UQA is a novel dataset for question answering and text comprehension in Urdu, a low-resource language with over 70 million native speakers. This dataset, generated by translating the Stanford Question Answering Dataset (SQuAD2.0) using the EATS technique, aims to provide a valuable resource for developing and testing multilingual NLP systems for Urdu and enhancing the cross-lingual transferability of existing models.
The UQA dataset consists of translated contexts, questions, and answers.

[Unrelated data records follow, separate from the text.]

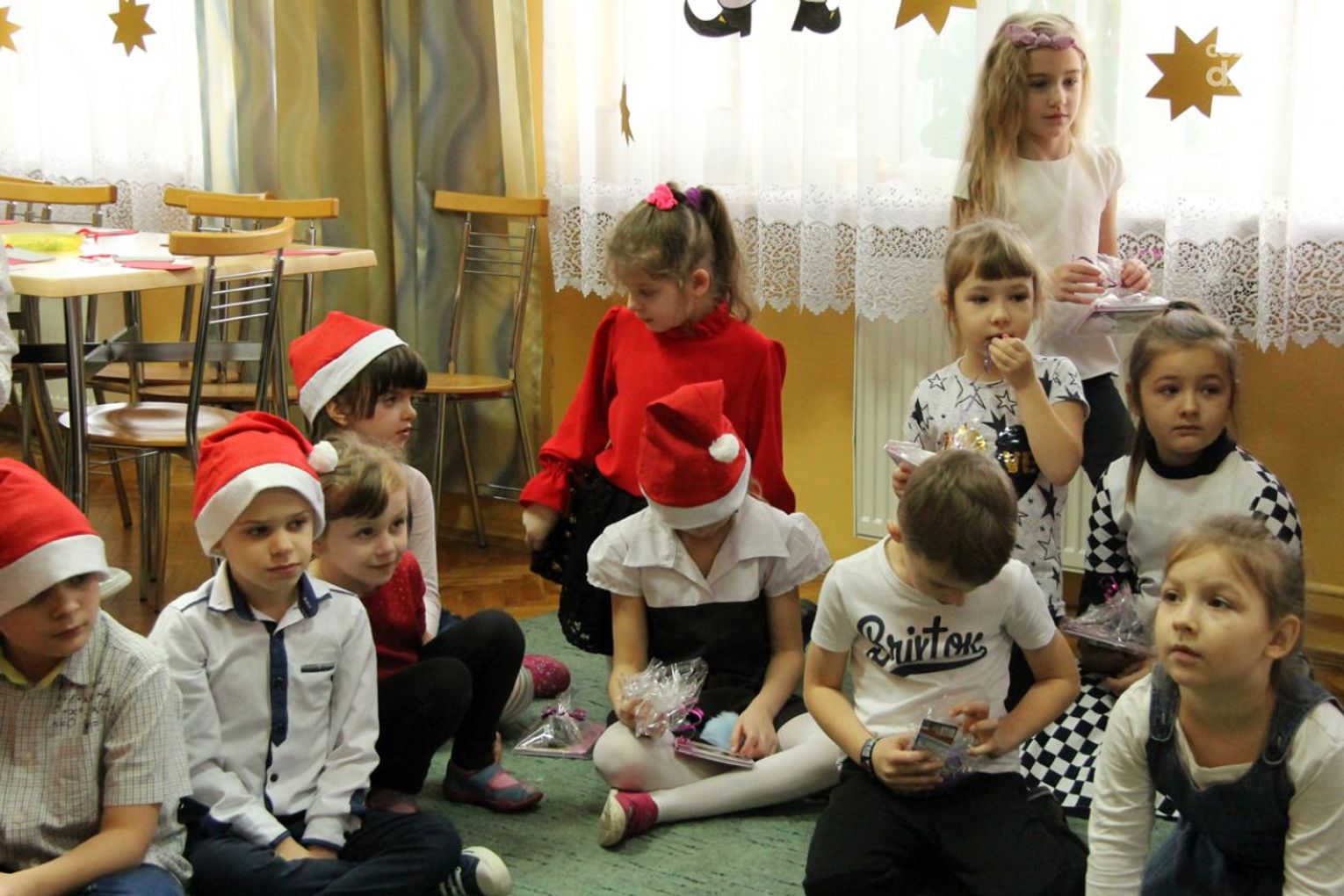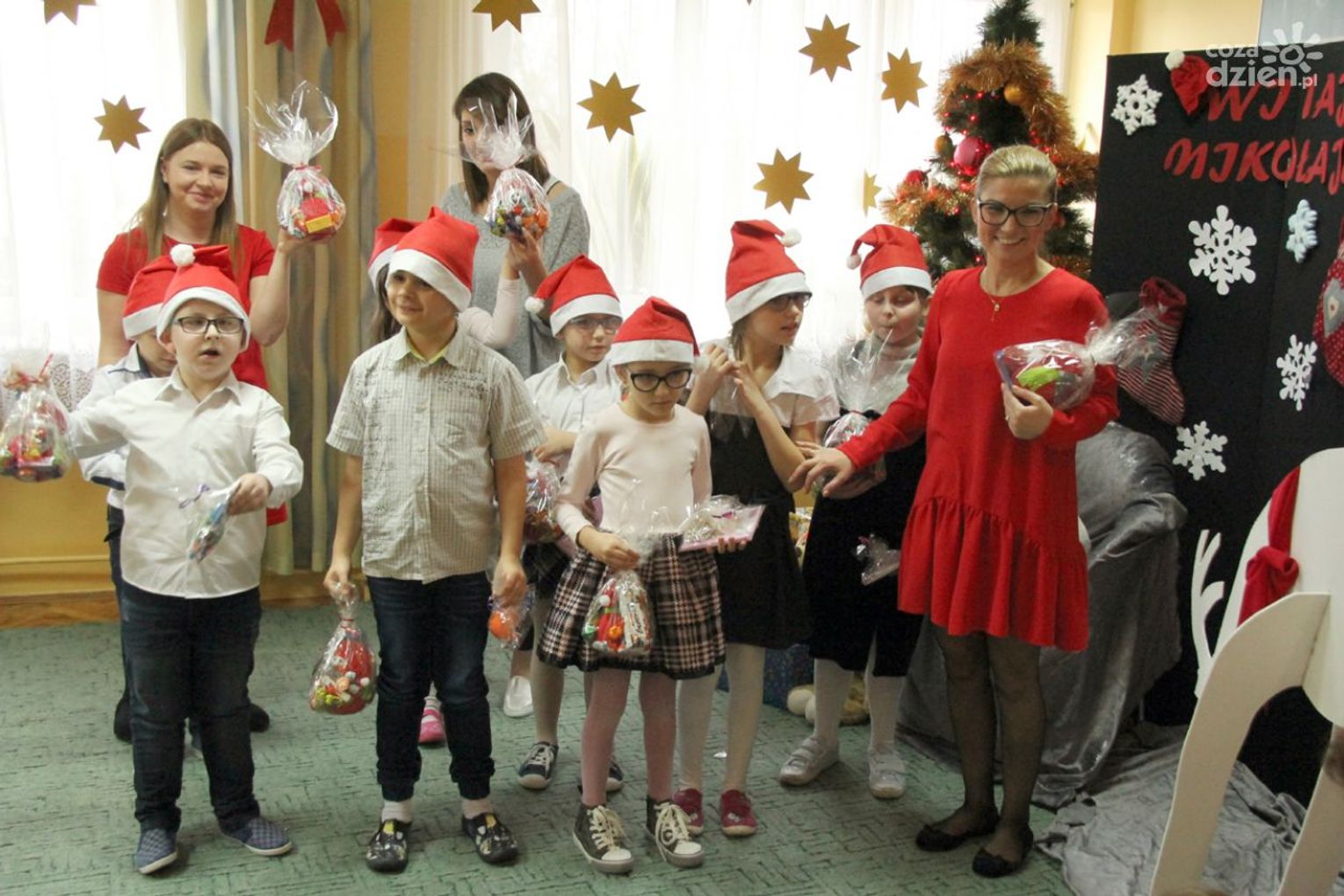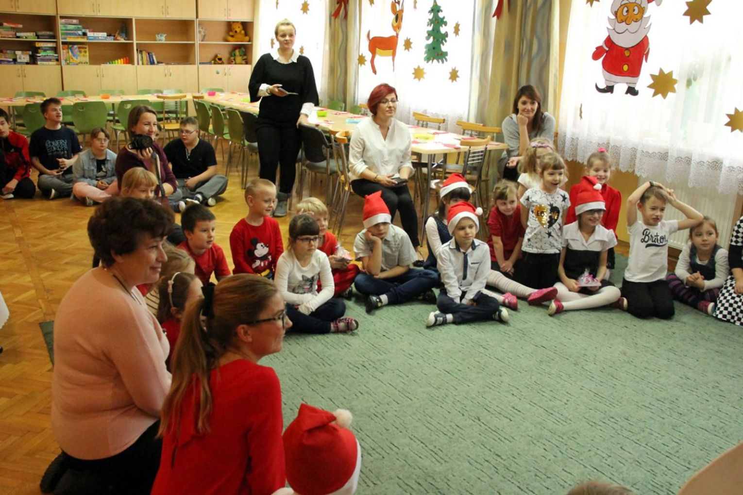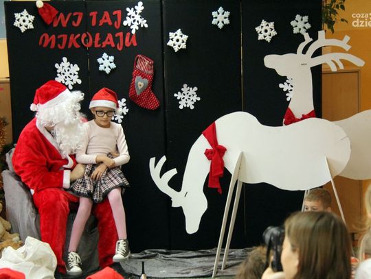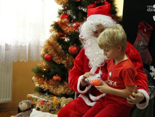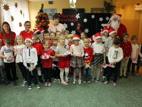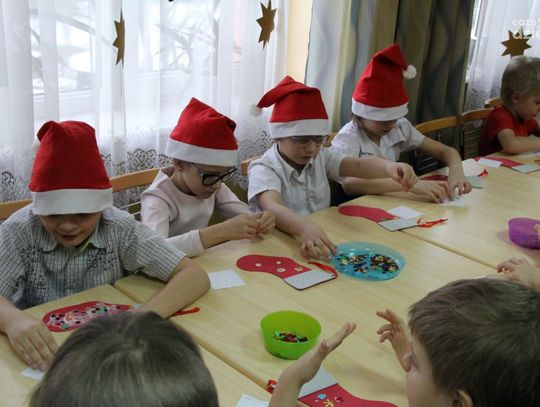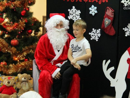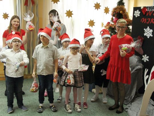 W tym roku na Mikołaja czekało nie lada zaskoczenie, gdyż oprócz dzieci z ośrodka powitały go również najmłodsi z klasy 0a oddziału przedszkolnego PSP nr 34 w Radomiu. Przedszkolaki pod opieką nauczyciela wykonały samodzielnie mikołajki dla małych gospodarzy. Spotkanie było również okazją do wspólnego śpiewania piosenek świątecznych. Urozmaiceniem były zajęcia plastyczne pt. „Buty Mikołaja” – przygotowane i prowadzone przez p. Dorotę Kwatek i Sylwię Górską. Na zakończenie spotkania na wszystkich czekał słodki poczęstunek. Grzeczne dzieci Święty Mikołaj z pewnością odwiedzi już w przyszłym roku.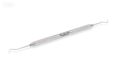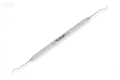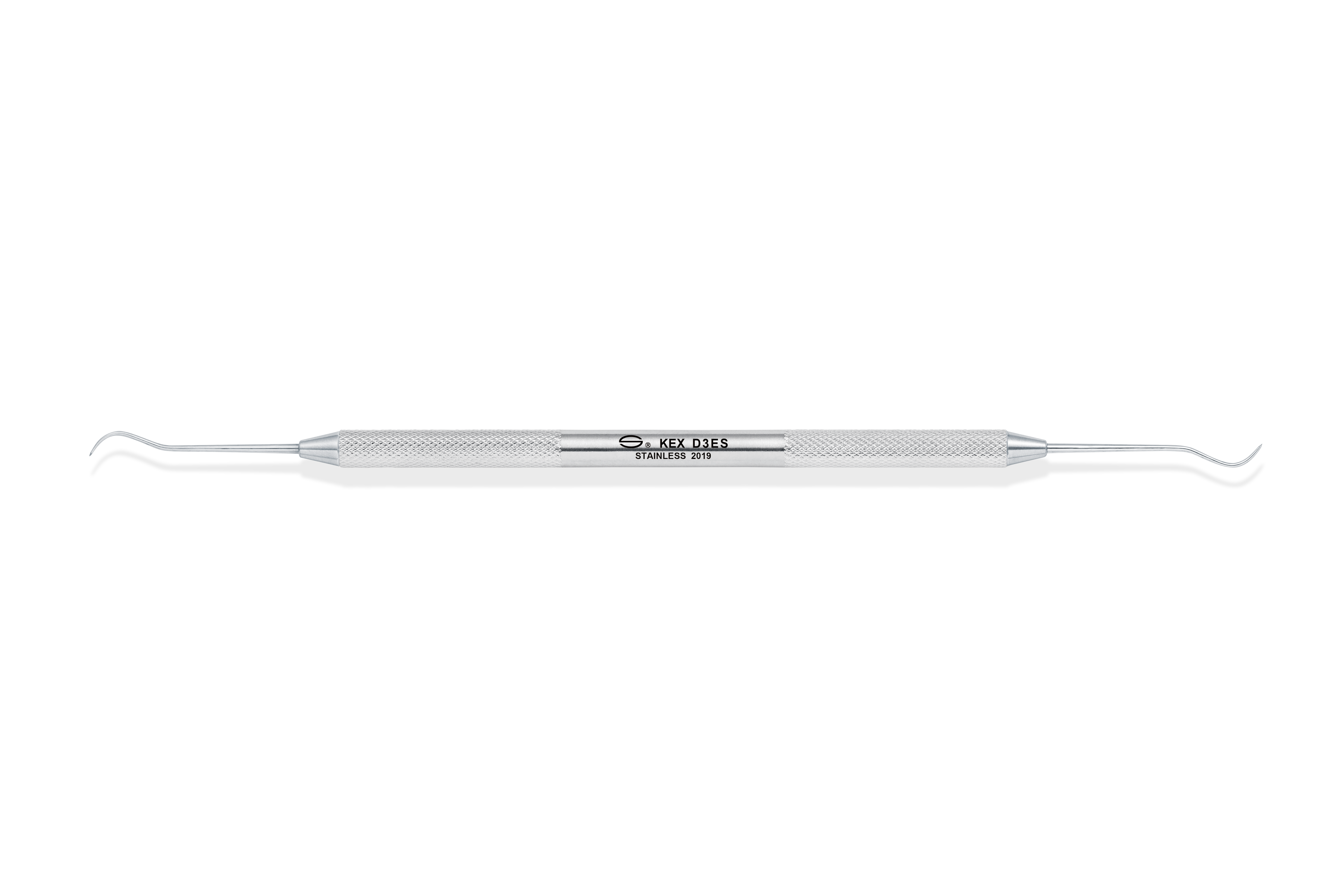 This is a professional dental instrument constructed from medical-grade stainless steel (clearly marked "STAINLESS 2019" on its body), ensuring excellent biocompatibility, corrosion resistance, and long-term durability for clinical use. Its handle features a precisely textured non-slip surface, which enhances grip stability and operational control—critical for the delicate, precise maneuvers required in dental procedures. Equipped with double-ended curved working tips (each with a tailored curvature), this tool is designed to accommodate dual functions: one tip is optimized for probing periodontal pockets (to assess gum health and measure pocket depth), while the other facilitates the removal of plaque, debris, or residual material from interdental spaces. The instrument also bears engraved markings including its model ("KEK D3ES") and a brand logo, adhering to the labeling standards for clinical medical devices. It serves as a commonly used tool for routine dental examinations and basic prophylactic cleaning procedures.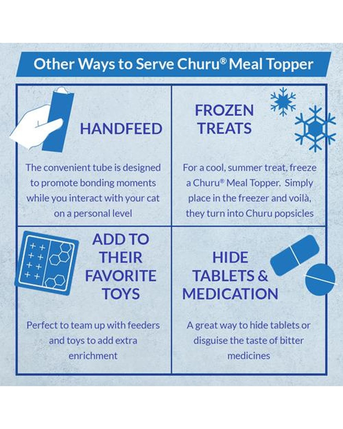 This 4 Tubes of INABA Churu Meal Topper Chicken with Cheese Recipe for dogs. These tasty dog food meal toppers are made with wholesome ingredients. These add flavour to your pets meal and help encourage fussy animals to eat.

It includes both answerable and unanswerable questions, maintaining the structure and challenges of the original SQuAD2.0 dataset.
The dataset and fine-tuned models can be downloaded from the following link:
This repository includes scripts used in the translation process, dataset generation, and model benchmarks. The main components are:
- Translation scripts using the EATS technique
- Evaluation scripts for model performance
- Benchmark results on models like mBERT, XLM-RoBERTa, and mT5
The following table summarizes the performance of various models tested on the UQA dataset. The metrics reported are Exact Match (EM) and F1 Score.
Model | Exact Match (EM) | F1 Score |
---|---|---|
mBERT | 45.50% | 64.72% |
mT5-Small | 52.37% | 67.24% |
mT5-Large | 71.26% | 84.20% |
XLM-RoBERTa | 65.67% | 78.00% |
XLM-RoBERTa-Large | 72.24% | 84.42% |
XLM-RoBERTa-XL | 74.56% | 85.99% |
Samee Arif, Sualeha Farid, Awais Athar, and Agha Ali Raza. 2024. UQA: Corpus for Urdu Question Answering. In Proceedings of the 2024 Joint International Conference on Computational Linguistics, Language Resources and Evaluation (LREC-COLING 2024), pages 17237–17244, Torino, Italia. ELRA and ICCL.